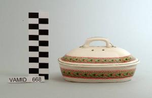 Portasapone di forma ovale; fondo bianco con motivo a foglie d'edera in verde e rosa all'esterno; bordo rifinito con filettatura verde. Coperchio di forma ovale con presa apicale, fondo bianco con motivo a foglie d'edera in verde e rosa all'esterno; manico rifinito con filettatura verde.
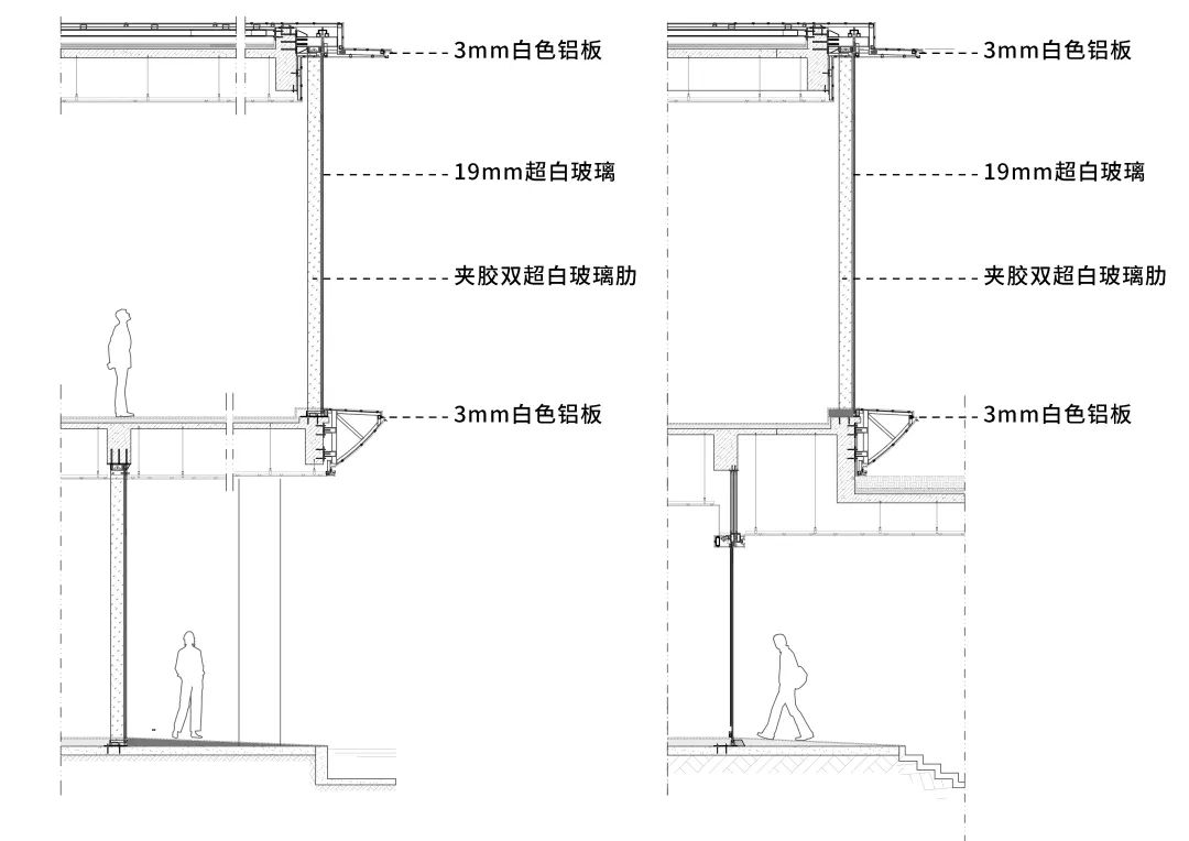 建筑立面通过铝板和玻璃的组合,材质的特性产生强烈的反射与通透的对比,既是各成领域又互相映衬,使得建筑的质感细腻精致。同时,玻璃、水面的镜面反射与铝板的漫反射交汇共生,水面倒影建筑轮廓,玻璃反射树影与天空,形成一幅光影变幻的生动场景。
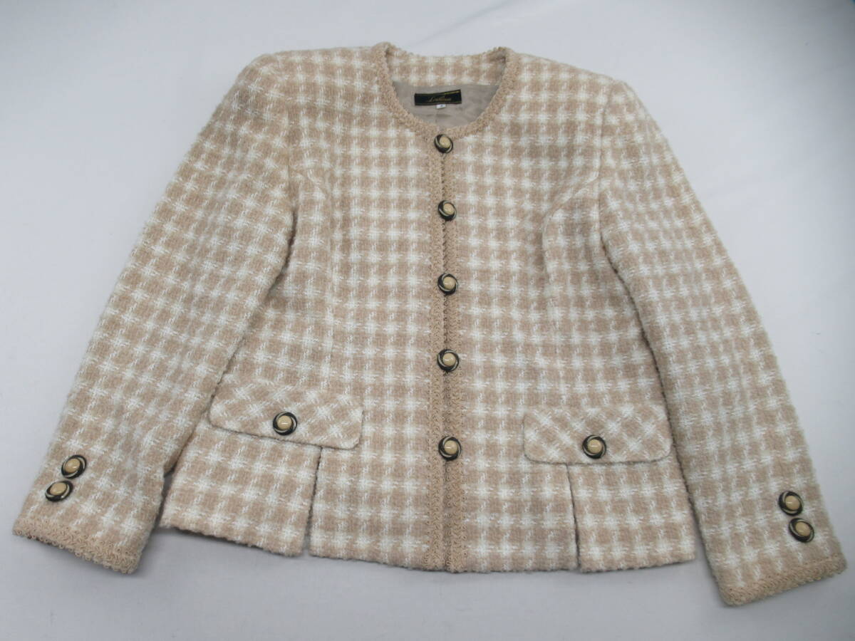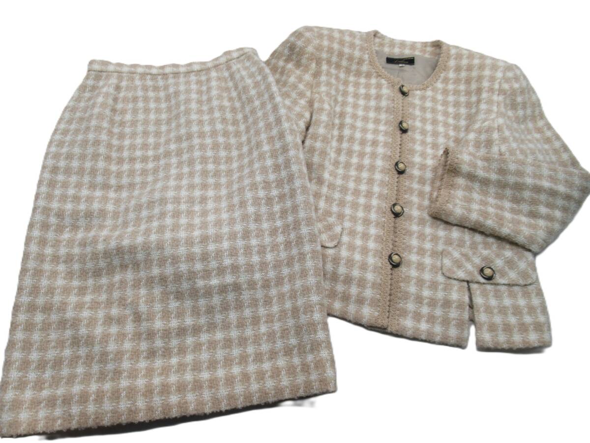【送900円】3384 Leilian レリアン セットアップ 2ピース スーツ ジャケット&スカート ツイード系 チェック 9 ウール混
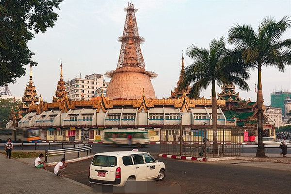世界上从来没有哪个转盘里有座佛塔。苏雷宝塔就坐落在马路中间转盘里,每天川流不息的车流围着宝塔运转。
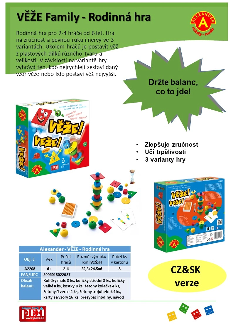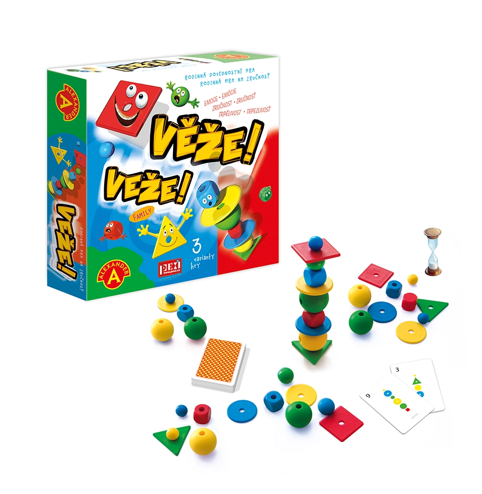 Jeu familial amusant pour 2 à 4 joueurs dès 6 ans, où vous testez votre patience, votre précision et votre dextérité. Construisez des tours avec des pièces de formes variées dans trois modes compétitifs et profitez à la fois de la tension et des rires. Gardez l’équilibre au maximum – gagne celui qui reproduit le modèle le plus vite ou qui érige la tour stable la plus haute.
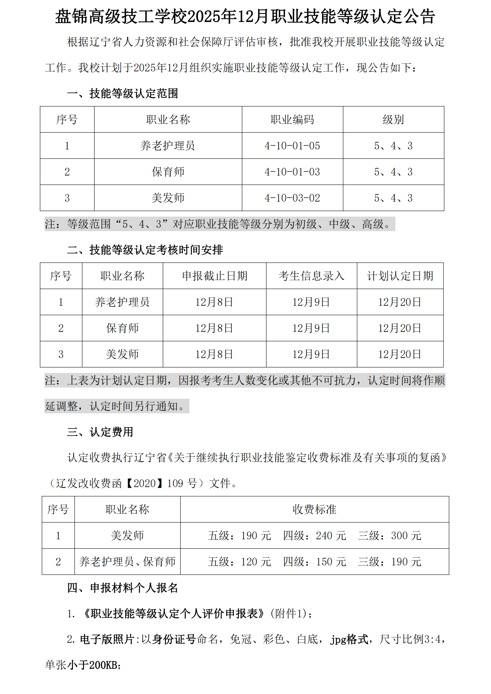 盘锦高级技工学校2025年12月职业技能等级认定公告
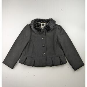 Gymboree black wool coat with faux fur collar, waist length, very good condition, no stains or holes, no fading, size 4t-5t
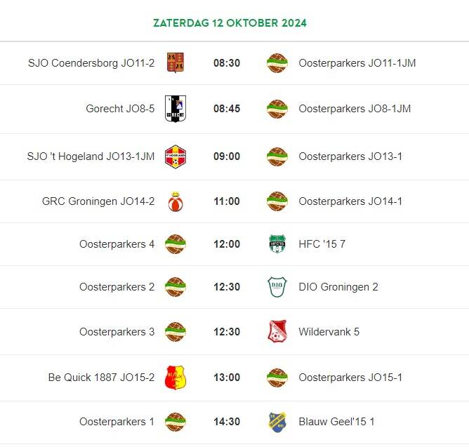 Dit weekend voor de jeugd allemaal uitwedstrijden op het programma en voor Oosterparkers JO11 betekent dit een treffen met SJO Coendersborg om half 9. Het team van Marion Reinders heeft dit seizoen drie keer gewonnen en twee verloren maar treft zaterdag wel de koploper in Coendersborg. De tegenstander van de groenhemden hebben tot nu alles gewonnen met maar liefst 34 doelpunten voor en slechts 1 doelpunt tegen. In Haren is het om kwart voor 9 de beurt aan de talenten van JO8-1 die daar de leeftijdsgenoten van Gorecht treffen. Het seizoen verloopt voor de jongens van Rene Schat erg wisselvallig waarbij mooie overwinningen worden afgewisseld met fikse nederlagen. De groen-witten gaan er in ieder geval weer een spektakel van maken aankomende zaterdag! Voor het 8-tal van Oosterparkers JO13 verloopt het seizoen tot nu toe erg stroef en staat het met 0 punten onderaan de ranglijst. Hoewel het spel per week verbetert is het wachten op het eerste resultaat voor het team van Arie van Kampen. In Warffum speelt het om 9 uur tegen SJO 't Hogeland JO13-1. Het team van Richard Schutter speelt op papier de uitwedstrijd bij GRC op Corpus den Hoorn maar wegens capaciteit problemen wordt die wedstrijd verplaatst naar Kardinge. De groenhemden spelen nu dus een thuiswedstrijd en hopen dit om te kunnen zetten in winst tegen GRC Groningen JO14-2. In de middag is het pas de beurt aan onze oudste jeugd want Oosterparkers JO15-1 speelt om 13:00 uur op de Esserberg tegen Be Quick JO15-2. Het duel zal voor de jongens van Johan Reinders een pittige opgave worden want de thuisploeg staat op een keurige 2e plek. Bij winst doen de groenhemden uitstekende zaken want dan zal het op gelijke hoogte komen met de Harenaren.
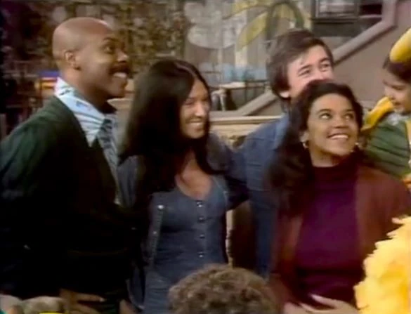 SCENE 1 | Big Bird excitedly calls everybody over for a surprise he has for them. Gordon, Bob, Maria and the kids all try to guess from the clues Big Bird gives: it makes music, it travels a lot, and is now standing behind them. The surprise is… a visit from Buffy! Everyone gathers around and hugs her. |
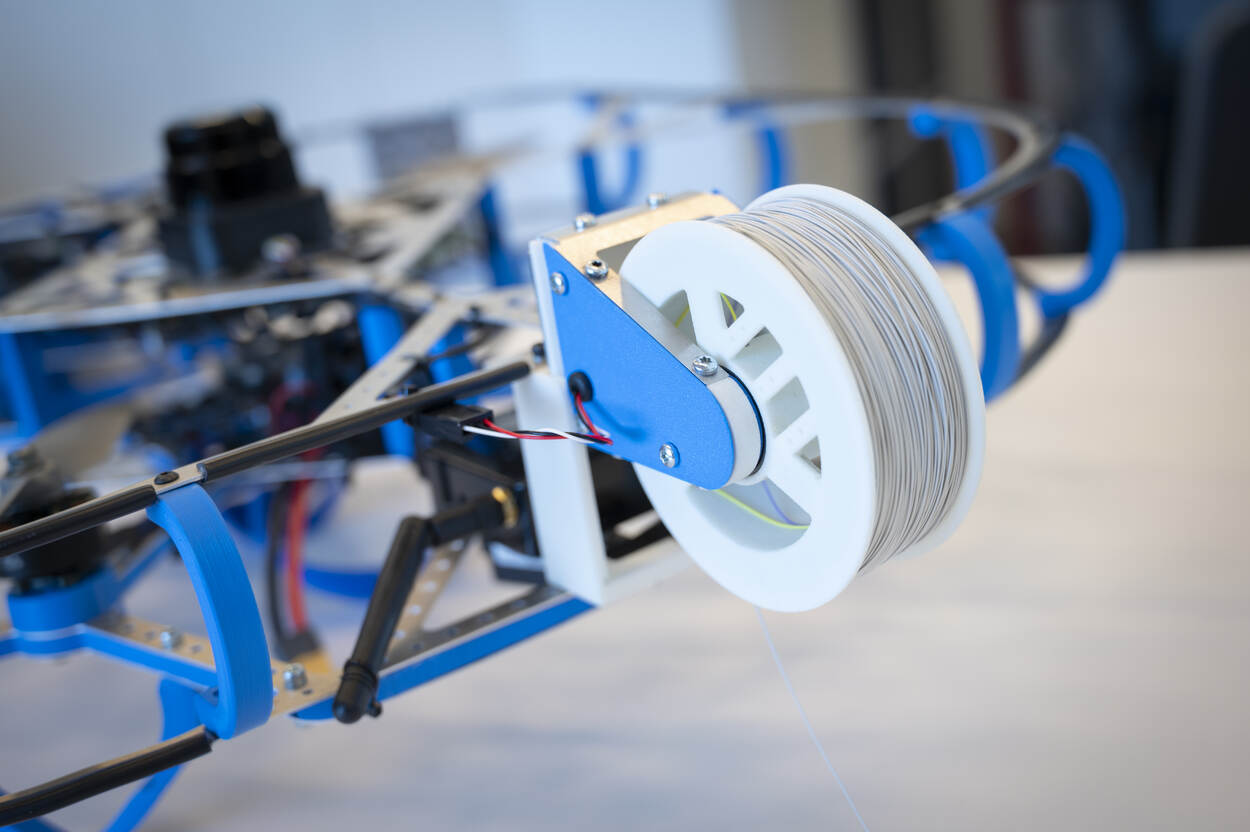 Blijft de kabel haken, dan rolt er automatisch meer draad van de op de U-drone gemonteerde haspel.
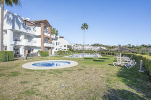 La propiedad incluye plaza de garaje y trastero. La urbanización ofrece piscina comunitaria para adultos y niños, jardines cuidados y un entorno seguro durante todo el año.
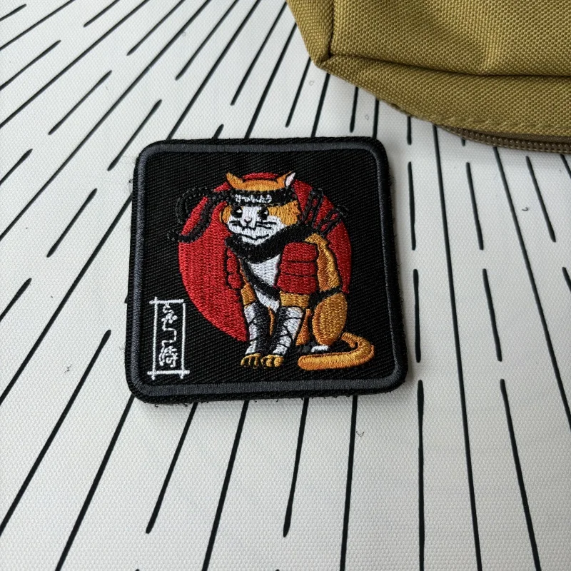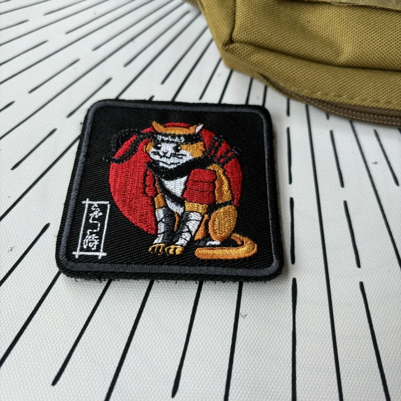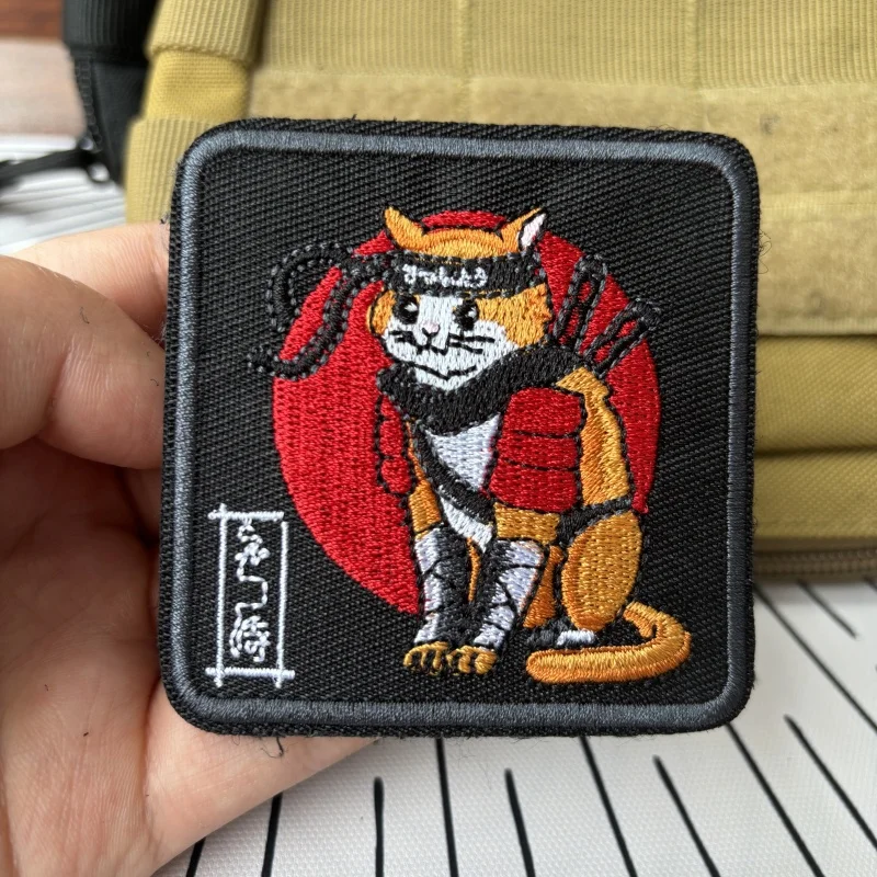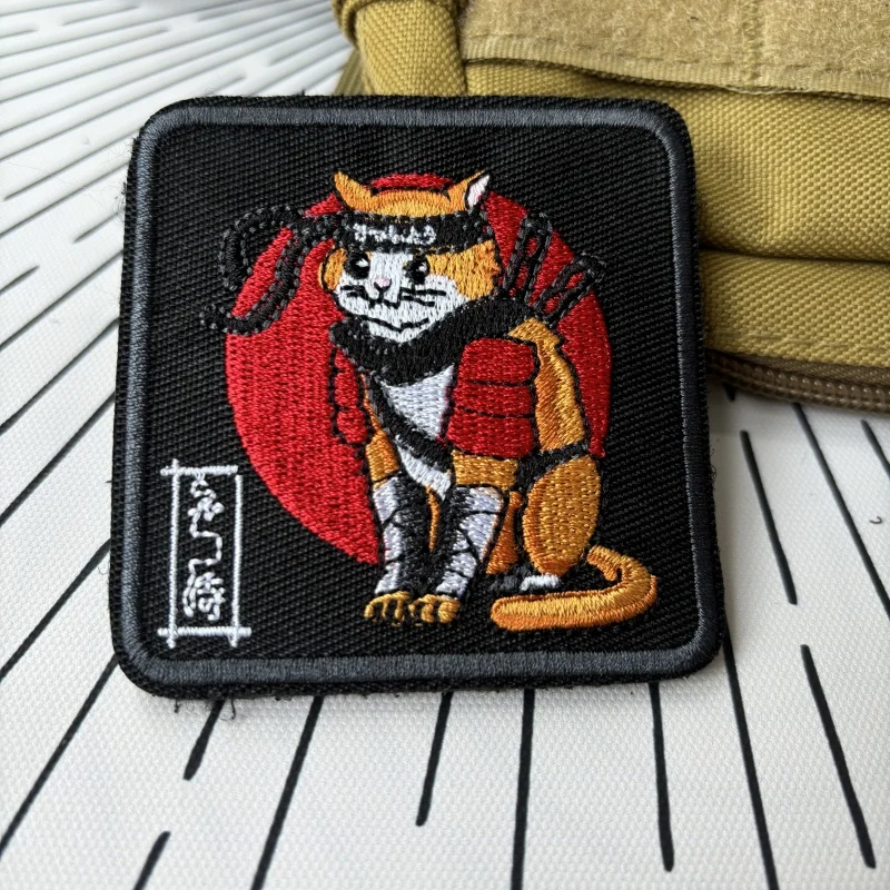 Parches tácticos de moral de gato samurái de Anime japonés, parche de gancho y bucle bordado de dibujos animados, insignia militar, brazalete, pegatinas para mochila
######
> [What you have to do]:
Set down the records above word for word, from the first line through the line containing "Jeu familial amusant", both included; leave out the pictures.

> [Completed task]:
 Portasapone di forma ovale; fondo bianco con motivo a foglie d'edera in verde e rosa all'esterno; bordo rifinito con filettatura verde. Coperchio di forma ovale con presa apicale, fondo bianco con motivo a foglie d'edera in verde e rosa all'esterno; manico rifinito con filettatura verde.
 建筑立面通过铝板和玻璃的组合,材质的特性产生强烈的反射与通透的对比,既是各成领域又互相映衬,使得建筑的质感细腻精致。同时,玻璃、水面的镜面反射与铝板的漫反射交汇共生,水面倒影建筑轮廓,玻璃反射树影与天空,形成一幅光影变幻的生动场景。
【送900円】3384 Leilian レリアン セットアップ 2ピース スーツ ジャケット&スカート ツイード系 チェック 9 ウール混
世界上从来没有哪个转盘里有座佛塔。苏雷宝塔就坐落在马路中间转盘里,每天川流不息的车流围着宝塔运转。
 Jeu familial amusant pour 2 à 4 joueurs dès 6 ans, où vous testez votre patience, votre précision et votre dextérité. Construisez des tours avec des pièces de formes variées dans trois modes compétitifs et profitez à la fois de la tension et des rires. Gardez l’équilibre au maximum – gagne celui qui reproduit le modèle le plus vite ou qui érige la tour stable la plus haute.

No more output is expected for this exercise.